DATASET EXTRACT below:

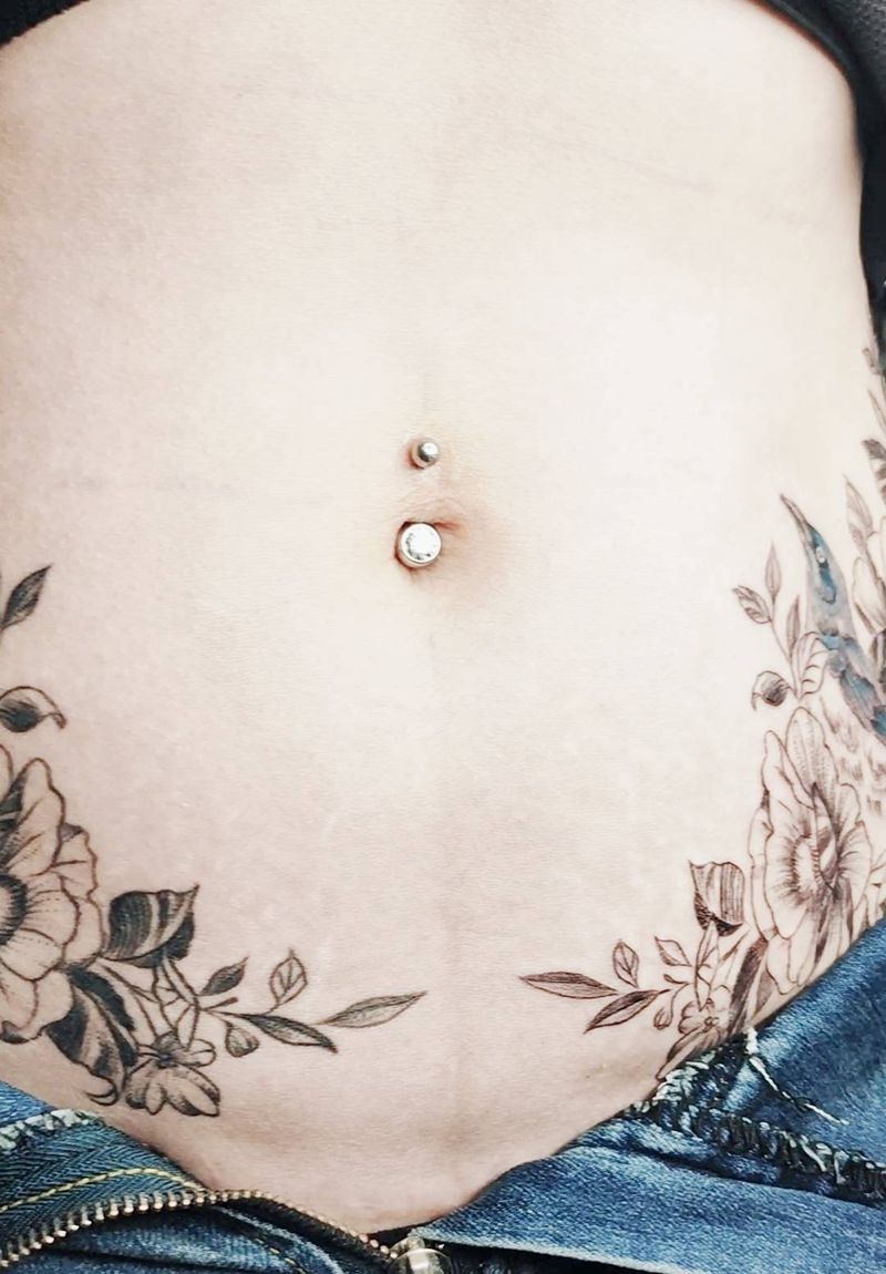 素花遮盖妊娠纹恢复后纹身图片_腹部新传统欧美写实纹身图案
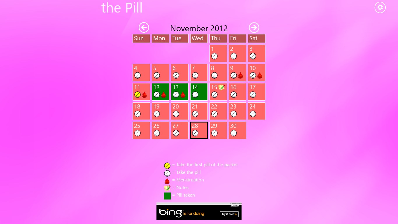 The calendar allows you to plan several months in advance when you should have your menstruation and what days you should take your pill.
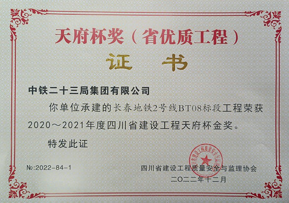 日前,筆者從中鐵二十三局獲悉,該公司承建的吉林省長春市地鐵2號線BT08標(biāo)段,榮獲 2020~2021年度四川省建設(shè)工程天府杯金獎(jiǎng)(省優(yōu)質(zhì)工程)。
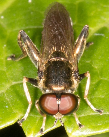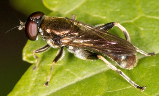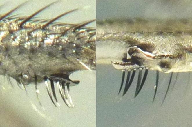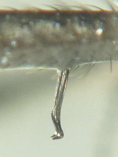 オオキドフタトゲバエは比較的大きな種で、小楯板にある強く長い一対の刺毛がきわめて特徴的な種です。 現時点では、宮崎県と熊本県と埼玉県しか記録されていませんが、少なくともこの間の都府県での多くには分布している可能性が高いと思われます。 |

End of DATASET EXTRACT.

#### EXERCISE:
Without including any picture, write out the material above verbatim.

#### RESPONSE AREA:
 素花遮盖妊娠纹恢复后纹身图片_腹部新传统欧美写实纹身图案
 The calendar allows you to plan several months in advance when you should have your menstruation and what days you should take your pill.
 日前,筆者從中鐵二十三局獲悉,該公司承建的吉林省長春市地鐵2號線BT08標(biāo)段,榮獲 2020~2021年度四川省建設(shè)工程天府杯金獎(jiǎng)(省優(yōu)質(zhì)工程)。
 オオキドフタトゲバエは比較的大きな種で、小楯板にある強く長い一対の刺毛がきわめて特徴的な種です。 現時点では、宮崎県と熊本県と埼玉県しか記録されていませんが、少なくともこの間の都府県での多くには分布している可能性が高いと思われます。 |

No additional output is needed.